Founded in 1974, the historic inter-Caribbean carrier was majority-owned by regional governments, particularly Antigua and Barbuda and Barbados. This public governance reflected a strong political commitment to maintaining regional connectivity despite limited profitability.

Over the years, the airline accumulated persistent deficits. Already weakened before the pandemic, LIAT underwent a major restructuring in 2020 without managing to restore long-term financial balance.

In 2024, LIAT ultimately ceased operations after operating at a loss with a drastically reduced fleet, reportedly down to a single aircraft in its final months.

Since then, a new entity — LIAT Air — has attempted to relaunch operations on more cautious foundations, without assuming the airline’s previous debt burden.

Recovery Attempts in a Fragmented Market

Today, the Caribbean aviation landscape is being reshaped around smaller operators and more cautious strategies.

Airlines such as LIAT Air, Sky High, and Sunrise Airways are attempting to fill the gaps left by successive bankruptcies by adopting more flexible models: gradual expansion, limited capacity growth, and diversified partnerships.

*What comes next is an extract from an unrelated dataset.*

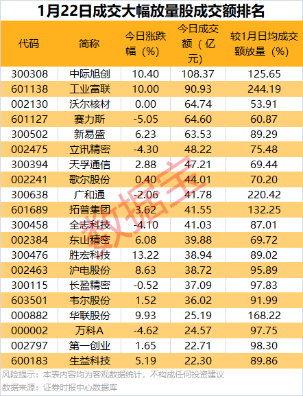 从个股成交情况来看,中际旭创、中兴通讯等科技龙头股今日成交额均超过百亿元,工业富联、东方财富、沃尔核材等成交额也超过50亿元。与1月日均成交额相比,中际旭创今日成交额放量高达126%,显示出市场对其的高度关注。据统计,今日成交额环比1月日均成交额放量幅度超过50%的个股超过400只,其中20只个股成交额超过20亿元。

This restructuring reflects the market’s adaptation, but it also results in a fragmented supply that raises questions about long-term sustainability and network coherence.

Rethinking the Model in a Context of Lasting Crisis

The collapse of Air Antilles comes at a particularly tense moment for the airline industry.

Jet fuel costs — which can account for 30 to 40 percent of operating expenses — continue to weigh heavily on financial balances. This volatility is forcing some airlines to reduce frequencies or suspend routes for upcoming seasons.

In this environment, some French carriers such as Air Caraïbes, Air France, and Saint-Barth Commuter appear more resilient. Their strength lies in more integrated business models combining long-haul operations with regional services, while adapting capacity according to seasonality.

The long-term viability of regional aviation therefore seems increasingly dependent on integration with long-haul networks, enabling airlines to pool costs and optimize passenger flows. Conversely, a model based exclusively on inter-island routes appears structurally fragile.

In this context, support mechanisms could still play a role, provided they target the main cost drivers. This could include targeted support for skilled aviation jobs, as well as stronger territorial continuity mechanisms through public service obligations or tax and social charge relief.

Beyond the succession of airline failures, the future of Caribbean aviation ultimately raises a major strategic issue: the connectivity of island territories.

In a fragmented region heavily dependent on air transport, ensuring sustainable connectivity requires a profound rethinking of economic models, taking into account both the structural constraints of the market and the ongoing transformation of the aviation sector.

Because ultimately, the disappearance of Air Antilles is not an anomaly.

It is the symptom of a model that still remains to be reinvented.

Caroline Romney is a Tourism & Transport consultant based in the French Caribbean.